Image Note  Static methods of a UDT (declared with the static keyword in C# or the Shared keyword in Visual Basic) are invoked from SQL Server using a format like this: Complex::CAdd(@nl, @n2). Nonshared, or instance, methods of a UDT are invoked from SQL Server using a format similar to this: @>nl.CAdd(@n2). The style of method you use (shared or instance) is a determination you need to make on a case-by-case basis.

Listing 16-15 demonstrates how the Complex UDT can be used; the results are shown in Figure 16-14.

Listing 16-15. Using the Complex Number UDT

CREATE TYPE dbo.Complex
EXTERNAL NAME ApressExamples.[Apress.Examples.Complex];
GO

DECLARE @c complex = '+100-10i',
  @d complex = '5i';
SELECT 'ADD: ' + @c.ToString() + ' , ' + @d.ToString() AS Op,
  complex::CAdd(@c, @d).ToString() AS Result
UNION
SELECT 'DIV: ' + @c.ToString() + ' , ' + @d.ToString(),
  complex::Div(@c, @d).ToString()
UNION
SELECT 'SUB: ' + @c.ToString() + ' , ' + @d.ToString(),
  complex::Sub(@c, @d).ToString()
UNION
SELECT 'MULT: ' + @c.ToString() + ' , ' + @d.ToString(),
  complex::Mult(@c, @d).ToString()
UNION
SELECT 'PI:  ',
  complex::Pi.ToString();

9781484201466_Fig16-14.jpg

Figure 16-14. Performing operations with the Complex UDT

In addition to the basic operations, the Complex class can be easily extended to support several more advanced complex number operators and functions. The code sample download file contains a full listing of an expanded Complex UDT, including all the basic math operators, as well as logarithmic and exponential functions (Log(), Power(), etc.) and trigonometric and hyperbolic functions (Sin(), Cos(), Tanh(), etc.) for complex numbers.

Triggers

Finally, you can also create .NET triggers. This is logical; after all, triggers are just a specialized type of stored procedures. There are few examples of really interesting .NET triggers. Most of what you want to do in a trigger can be done with regular T-SQL code. When SQL Server 2005 was released, you saw an example of a .NET trigger on a location table that calls a web service to find the coordinates of a city and adds them to a coordinates column. This could at first sound like a cool idea, but if you remember that a trigger is fired in the scope of the DML statement’s transaction, you can guess that the latency added to every insert and update on the table might be a problem. Usually, you try to keep the trigger impact as light as possible. Listing 16-16 presents an example of a .NET trigger based on your previous regular expression UDF. It tests an e-mail inserted or modified on the AdventureWorks Person.EmailAddress table, and rolls back the transaction if it doesn’t match the pattern of a correct e-mail address. Let’s see it in action.

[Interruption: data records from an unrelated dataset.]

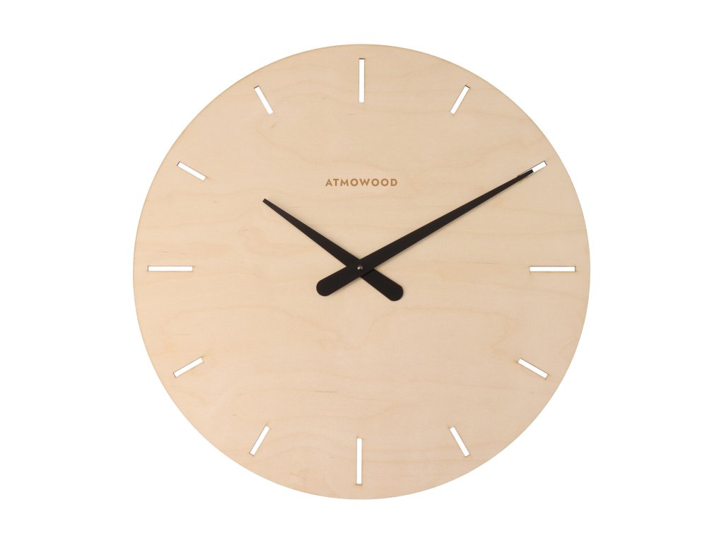 ATMOWOOD berkenhouten klok zonder cijfers 50 cm – zwarte wijzers
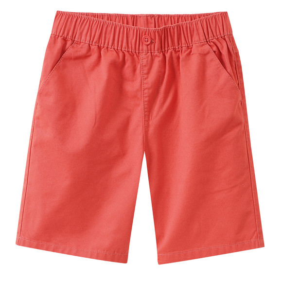 Shorts in Koralle mit elastischem Bund und Zierknopf. Zwei Einschubtaschen vorne.
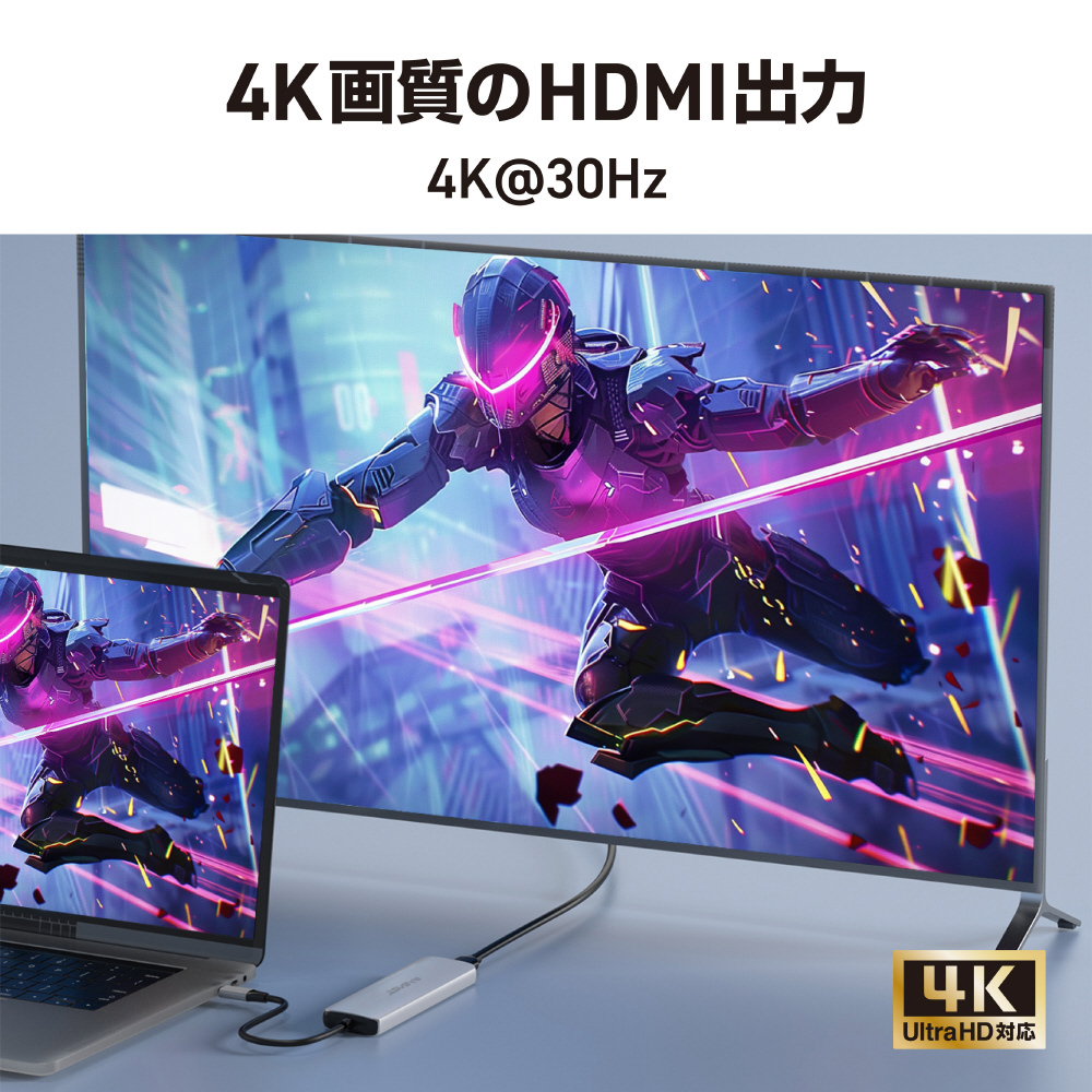 4K 30フレーム出力可能なHDMI端子を搭載。HDMI端子が無いノートパソコンでもHDMI出力が可能となります。
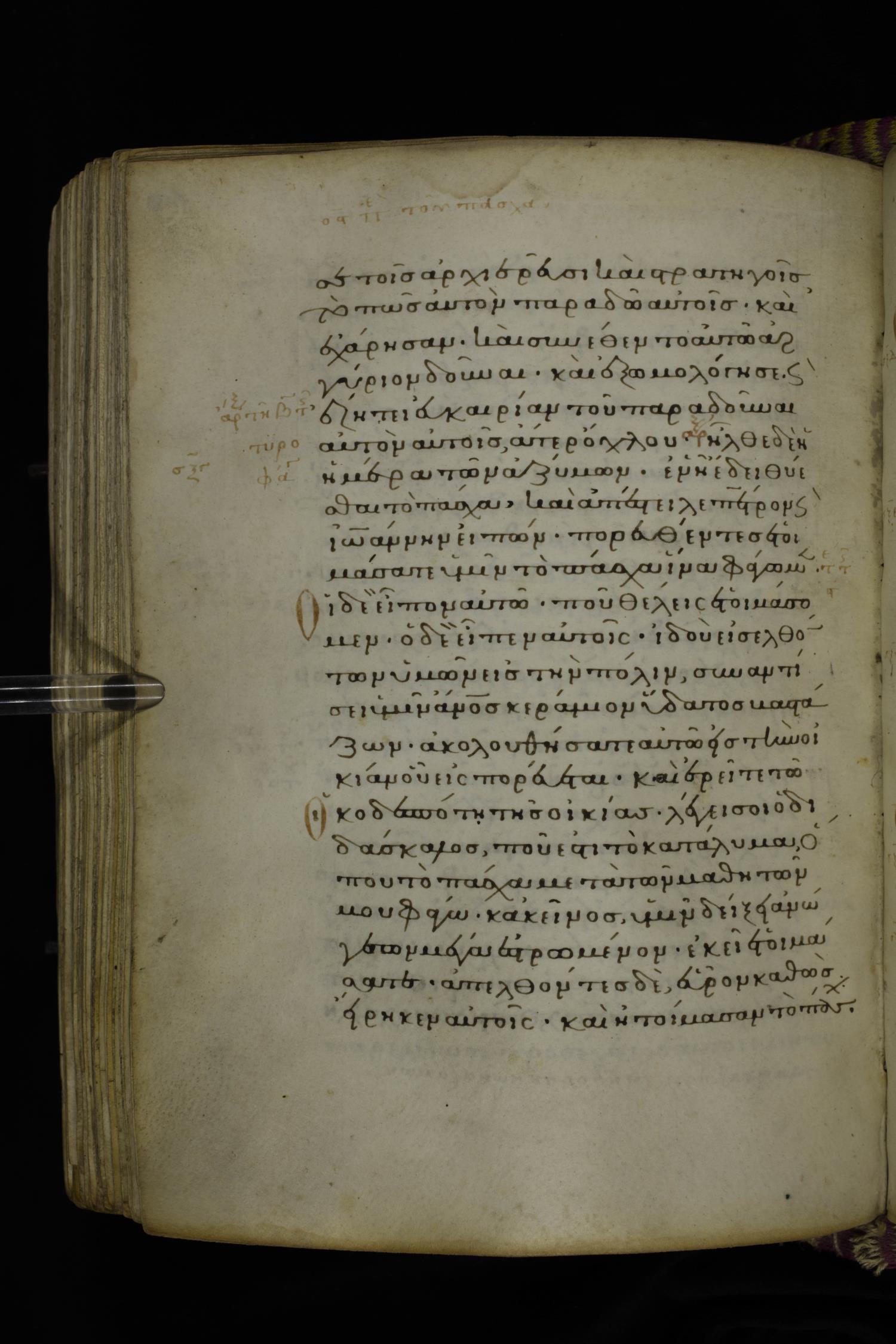 Fourteenth century minuscule (dated to 1321) of the Gospels on parchment; 290 leaves, 1 column, 21-23 lines per column. Images were taken at the National Library of Greece in Athens.

Listing 16-16. Trigger to Validate an E-mail Address

using System;
using System.Data;
using System.Data.SqlClient;
using Microsoft.SqlServer.Server;
using System.Text.RegularExpressions;
using System.Transactions;

namespace Apress.Examples
{
    public partial class Triggers
    {
        private static readonly Regex email_pattern = new Regex
        (
            //  Everything  before  the  @  sign  (the  "local  part")
            "^[a-z0-9!#$%&'*+/=?^_`{|}~-]+(?:\.[a-z0-9!#$%&'*+/=?^_`{|}~-]+)*" +

            //  Subdomains  after  the  @  sign
            "@(?:[a-z0-9](?:[a-z0-9-]*[a-z0-9])?\.)+" +

            // Top-level domains
            "(?:[a-z]{2}|com|org|net|gov|mil|biz|info|mobi|name|aero|jobs|museum)\b$"
        );

        [Microsoft.SqlServer.Server.SqlTrigger(
            Name = "EmailAddressTrigger",
            Target = "[Person].[EmailAddress]",
            Event = "FOR INSERT, UPDATE")]
        public static void EmailAddressTrigger()
        {
            SqlTriggerContext tContext = SqlContext.TriggerContext;

            // Retrieve the connection that the trigger is using.
            using (SqlConnection cn
               = new SqlConnection(@"context connection=true"))
            {
                SqlCommand cmd;
                SqlDataReader r;

                cn.Open();

                cmd = new SqlCommand(@"SELECT EmailAddress FROM INSERTED", cn);
                r = cmd.ExecuteReader();
                try
                {
                    while (r.Read())
                    {
                        if (!email_pattern.IsMatch(r.GetString(0).ToLower()))
                            Transaction.Current.Rollback();
                    }
                }
                catch (SqlException ex)
                {
                    // Catch the expected exception.
                }
                finally
                {
                    r.Close();
                    cn.Close();
                }
            }
        }
    }
}

As you now are used to, you first declare your .NET namespaces. To manage the transaction, you have to declare the System.Transactions namespace. In your Visual Studio project, it might not be recognized. You need to right-click the project in the Solution Explorer and select “add reference.” Then, go to the SQL Server tab, and check “System.Transactions for framework 4.0.0.0.”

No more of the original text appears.